─── Exercise data ───

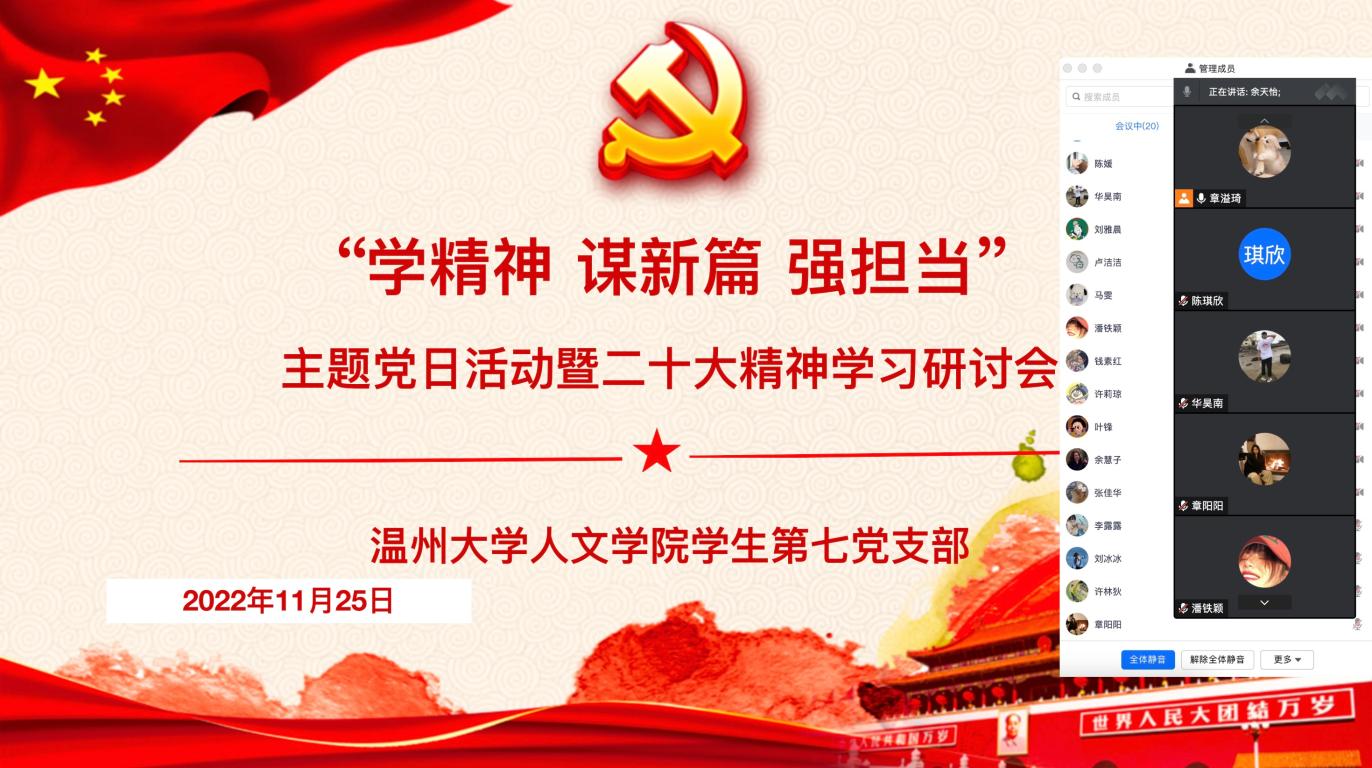 为深入学习贯彻党的二十大精神,自觉用党的二十大精神统一思想、统一意志、统一行动,2022年11月25日晚,永利yl23411官网员工第七党支部于线上开展了“学精神、谋新篇、强担当”党的二十大精神学习研讨会,第七员工党支部全体党员参加会议。本次会议由党支部宣传委员章溢琦同志主持。
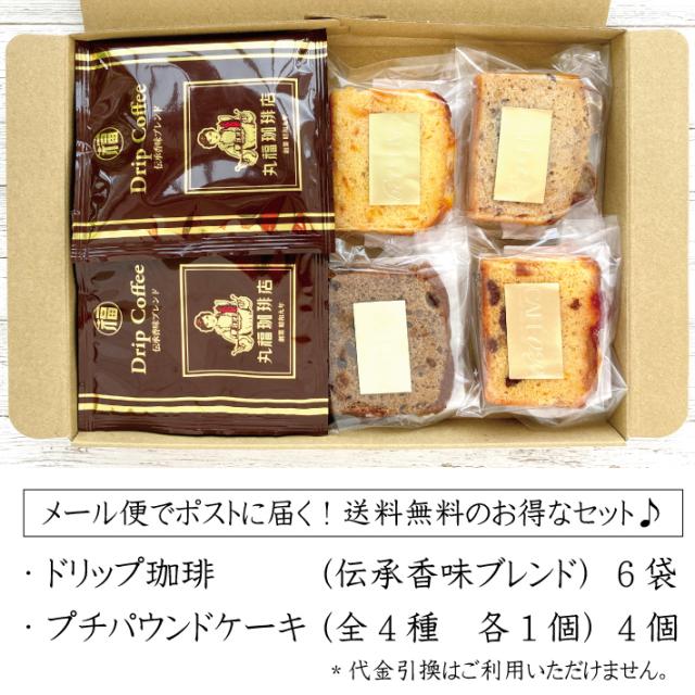 【公式】 丸福珈琲店 送料無料 メール便 お試しセット ドリップ伝承珈琲とプチパウンドケーキ4個 自宅用 ドリップコーヒー お菓子 スイーツ 焼菓子
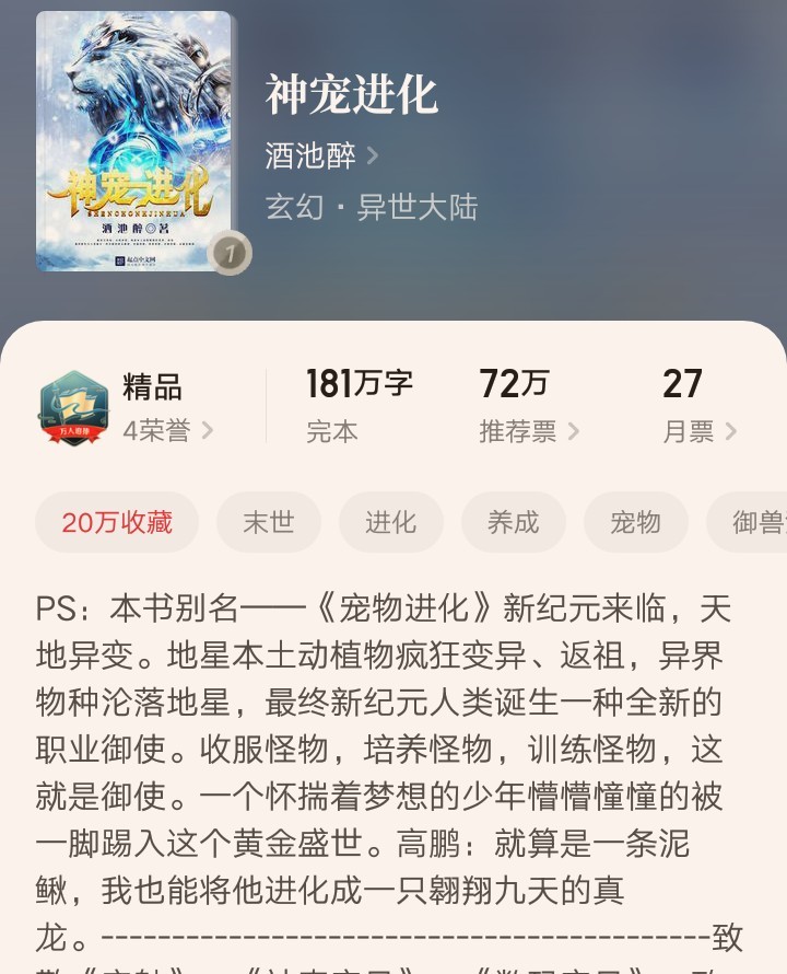 书评:一本御兽文,在这本书中可以看到千奇百怪的神兽,灰盘斑纹蛛、黑暴猿、魔鬼螳螂无一不让人震撼。是一本致敬宠魅、神奇宝贝、数码宝贝的神作。
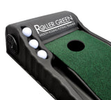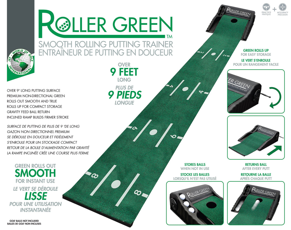 The Roller Green smooth rolling putting trainer from JEF World of Golf is the ultimate putting green made for portability. The self-contained roll-in, roll-out green is over 9 feet long and designed to lay flat from the very first putt to the last.
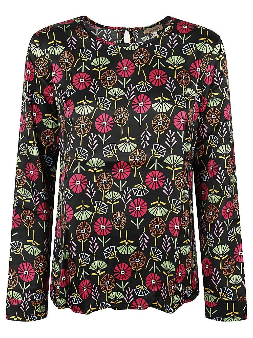 DescriptionA long-sleeved black top with a repeating floral print. The print features stylized flowers in shades of pink, red, yellow, and green, with thin black outlines. The top has a round neckline with a small keyhole opening at the back, secured by a button. The sleeves are full length and the hemline is straight.
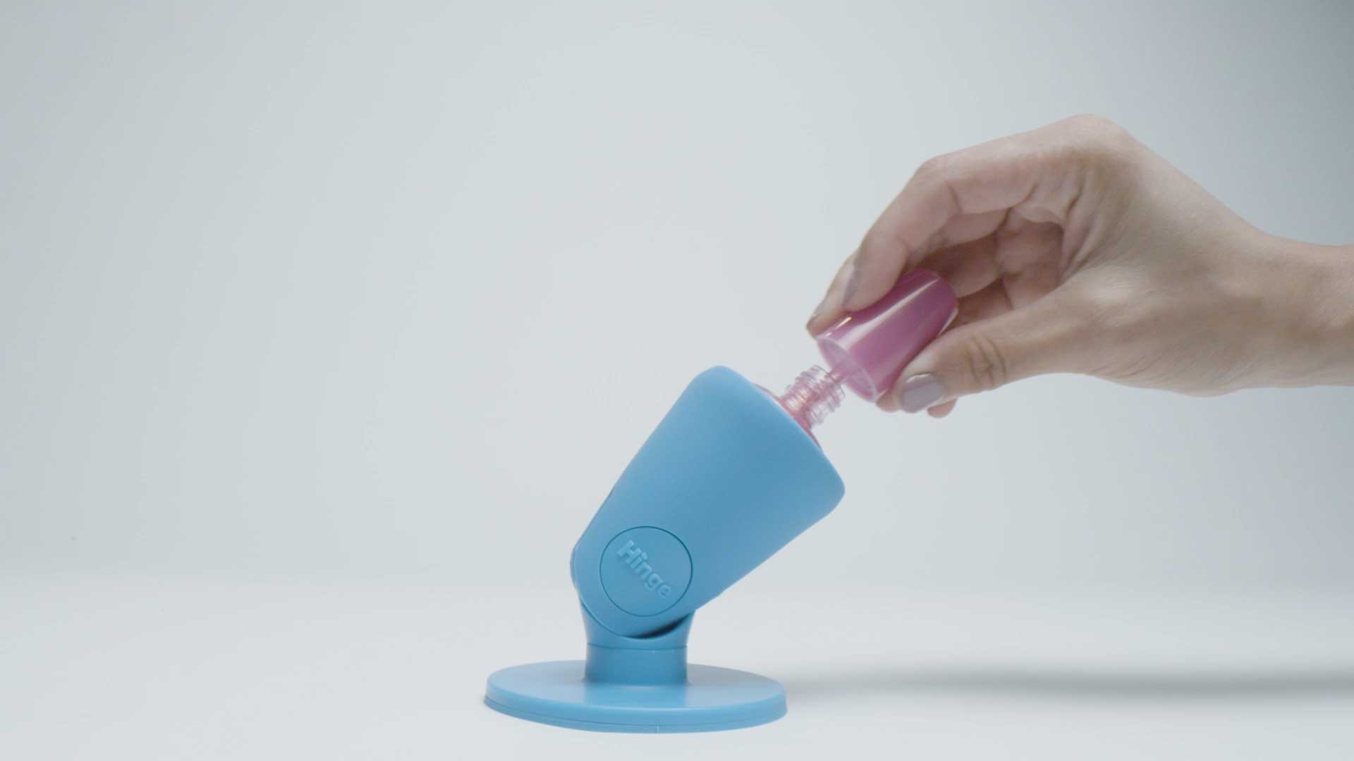 Like the original wearable Tweexy silicone ring (www.tweexy.com), Tweexy Hinge allows the polisher to use all their favorite nail polish brands, regardless of their various shapes, sizes, and capacities. Co-Inventors Elizabeth Boyle and Mark Miclette designed the Tweexy Hinge so it would work vertically in an upright position or at a 45-degree angle. The person polishing can also adjust the bottle angle securely within the Hinge receptacle. Circular, square, quarter moon, oval, rectangular, triangle, and other jewel shapes all hold well in the Tweexy Hinge.

───

## What the exercise asks
Output all lines above precisely. Pictures are to be left out.

## Solution below
 为深入学习贯彻党的二十大精神,自觉用党的二十大精神统一思想、统一意志、统一行动,2022年11月25日晚,永利yl23411官网员工第七党支部于线上开展了“学精神、谋新篇、强担当”党的二十大精神学习研讨会,第七员工党支部全体党员参加会议。本次会议由党支部宣传委员章溢琦同志主持。
 【公式】 丸福珈琲店 送料無料 メール便 お試しセット ドリップ伝承珈琲とプチパウンドケーキ4個 自宅用 ドリップコーヒー お菓子 スイーツ 焼菓子
 书评:一本御兽文,在这本书中可以看到千奇百怪的神兽,灰盘斑纹蛛、黑暴猿、魔鬼螳螂无一不让人震撼。是一本致敬宠魅、神奇宝贝、数码宝贝的神作。
 The Roller Green smooth rolling putting trainer from JEF World of Golf is the ultimate putting green made for portability. The self-contained roll-in, roll-out green is over 9 feet long and designed to lay flat from the very first putt to the last.
 DescriptionA long-sleeved black top with a repeating floral print. The print features stylized flowers in shades of pink, red, yellow, and green, with thin black outlines. The top has a round neckline with a small keyhole opening at the back, secured by a button. The sleeves are full length and the hemline is straight.
 Like the original wearable Tweexy silicone ring (www.tweexy.com), Tweexy Hinge allows the polisher to use all their favorite nail polish brands, regardless of their various shapes, sizes, and capacities. Co-Inventors Elizabeth Boyle and Mark Miclette designed the Tweexy Hinge so it would work vertically in an upright position or at a 45-degree angle. The person polishing can also adjust the bottle angle securely within the Hinge receptacle. Circular, square, quarter moon, oval, rectangular, triangle, and other jewel shapes all hold well in the Tweexy Hinge.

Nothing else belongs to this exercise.